S. Veloo

Personal information
- Full name: Veloo a/l Sinnathamby
- Date of birth: 9 November 1966 (age 58)
- Place of birth: Johor, Malaysia

Team information
- Current team: Mokhtar Dahari Academy (team manager)

Managerial career
- Years: Team
- 2006–2009: Penang
- 2010–2012: USM
- 2012–2014: Blackburn Rovers Football Academy
- 2015–2015: Penang FA U21
- 2016–2017: Sarawak FA
- 2018–2019: NFDP
- 2020–2022: Mokhtar Dahari Academy
- 2023–: Mokhtar Dahari Academy

= S. Veloo =

Malaysian football manager

Veloo a/l Sinnathamby, better known as S. Veloo, (born 9 November 1966) is a Malaysian football manager.

==Career==
Veloo has coached in various levels in Malaysia, such as Johor state school football team, MASUM (Malaysian University Sports Council), and the Football Association of Malaysia academy in Penang.
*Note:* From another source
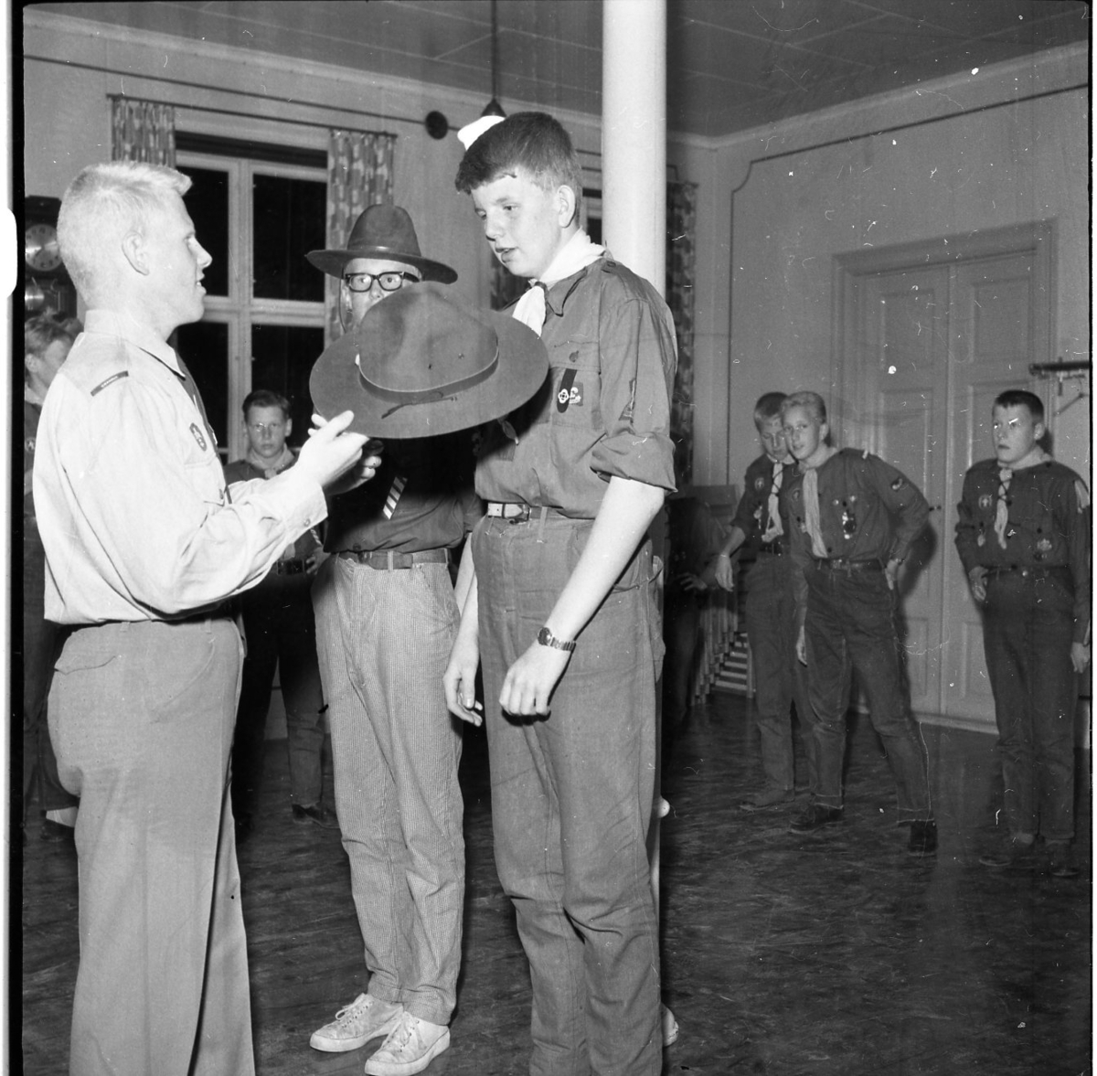 En ung kille står och räcker över en scouthatt till en annan ung kille. Bredvid dem står en kille som redan bär en scouthatt på huvudet. Bakom dem står andra scouter och tittar på.
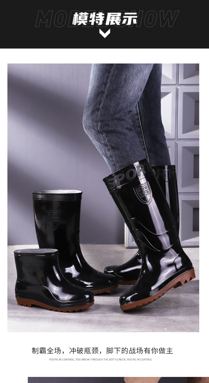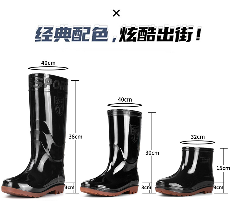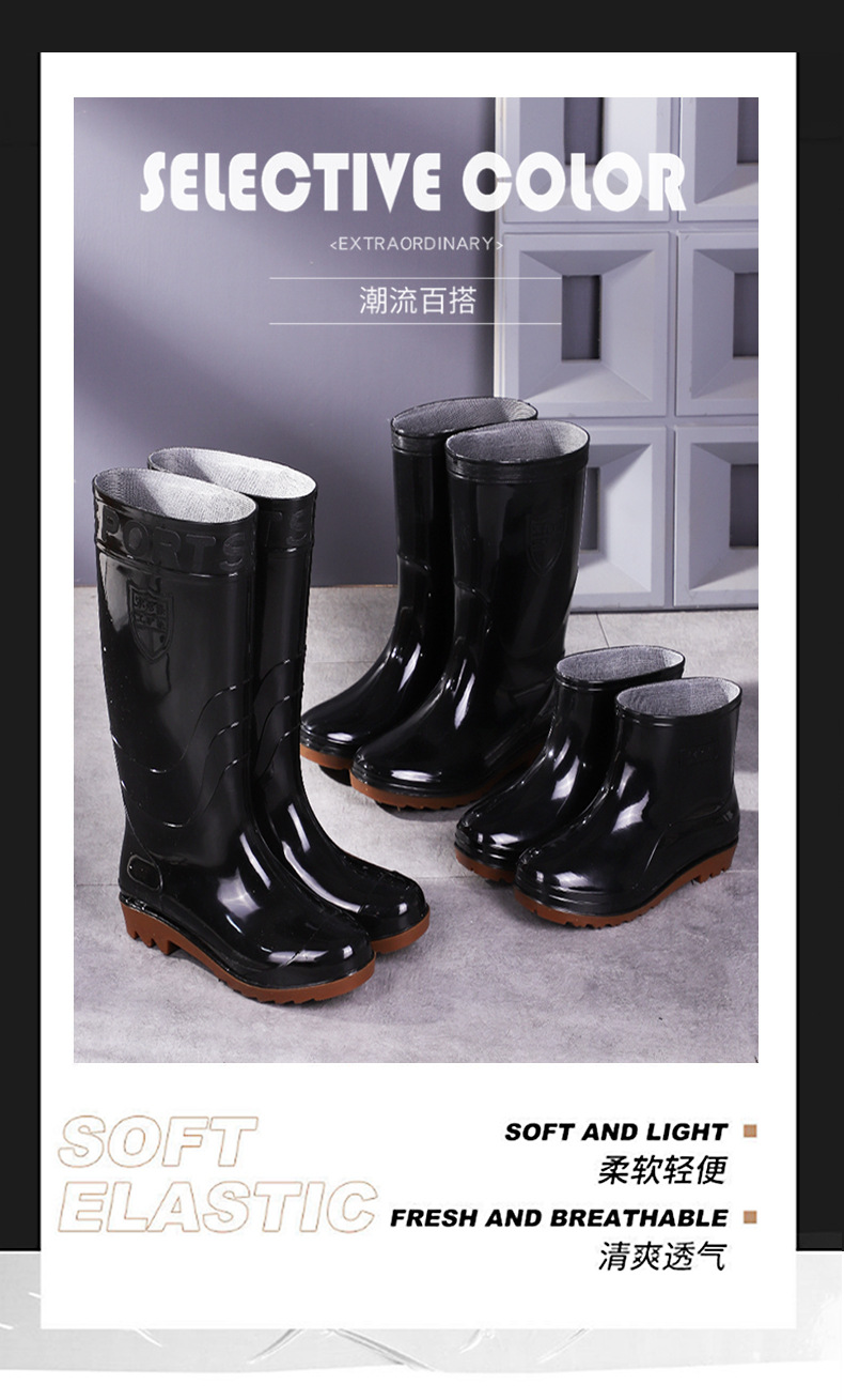 노동 보호 장화 국경 간 도매 높은 중간 송아지 단수 신발 남성 및 여성 힘줄 바닥 내마모성 건설 현장 주방 장화

He had been an assistant coach in Penang FA since 2006. He later was appointed the head coach of USM FC. In the 2010 Malaysia Premier League, the university club finished ninth out of 12 teams. The next season was better for Veloo's team, finishing 6th out of 12 teams, barely missing the play-off spot to the 2011 Malaysia Cup tournament. In the 2012 Malaysia Premier League campaign, the team consolidated their place in the league with another mid-table finish, again at 6th place. Veloo also guided the team into the round of 16 of the 2012 Malaysia FA Cup, beating Pos Malaysia FC in the round of 32. They were beaten by eventual finalists Sime Darby FC. After a year at NFDP, he joined Mokhtar Dahari Academy as the U17 coach. He has since moved to the team manager position.